Visitors eventually crowd the central temple areas, so midday I refill my water and head north off the map, running along a footpath through the forest. Immediately I hear a deep growl not far away. Didn’t sound like a monkey. I stop. Turns out to be one big ticked-off howler monkey screaming and banging around up in a tree. Their howl is like a deep hoarse bark. 

After 20 minutes, the trail brought me to a small ruin, then another with some excavation and a shallow pit. A large stone carved with a face and hands stuck partially out of the pit.  Great place for lunch and maybe a nap. I climb down into the pit. After a couple tortillas and fruit, I stretch out in the shade of the stone. Running and hiking further on, I scare off something about the size of a smallish dog, but see no more ruins. Back at the main Tikal site, I run up the same pyramids again checking the light for photos - always different from morning to late day with different shadows and highlights. 

At one point, I’m watching a group of eight or nine monkeys playing. Three babies chase each other and hang from their tails. In the same moment two toucans land on nearby branches, their bodies black with huge yellow beaks. Ancient temples on the right, monkeys straight ahead, and toucans on the left. No doubt, I know where I am.
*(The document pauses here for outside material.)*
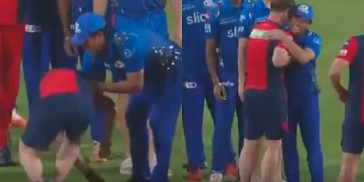 میچ کے بعد دونوں ٹیموں کے کھلاڑی مصافحہ کر رہے تھے اور خوشی کا تبادلہ کر رہے تھے کہ اچانک پنجاب کنگز کے فیلڈنگ کوچ رہوڈس نے ممبئی انڈینز کے مینٹر سچن ٹنڈولکر کے پاؤں چھوئے۔

Note: The Mayan symbol for zero actually doesn’t look anything like our zero.

Honduras - Tegucigalpa.
First morning, I hike up steep narrow streets for a view over the city and to make a plan for the day. So narrow, pressing my body flat against buildings to allow cars to pass. Glimpses here and there of nice homes behind tall cement walls with iron doors, steel grates, and barbed wire deterrents. barbed wire looks almost friendly with dense tropical flowers. Bored security guards slung with shotguns leaning against walls give me suspicious looks. 

I gaze out over the vast city of a million people spread among several low hills. Church steeples here and there poke up thru the mass of red tile roofs and sooty grey buildings. At the edges, shanty neighborhoods of the poor splash up the sides of the hills waiting for mudslides to wash them back down. 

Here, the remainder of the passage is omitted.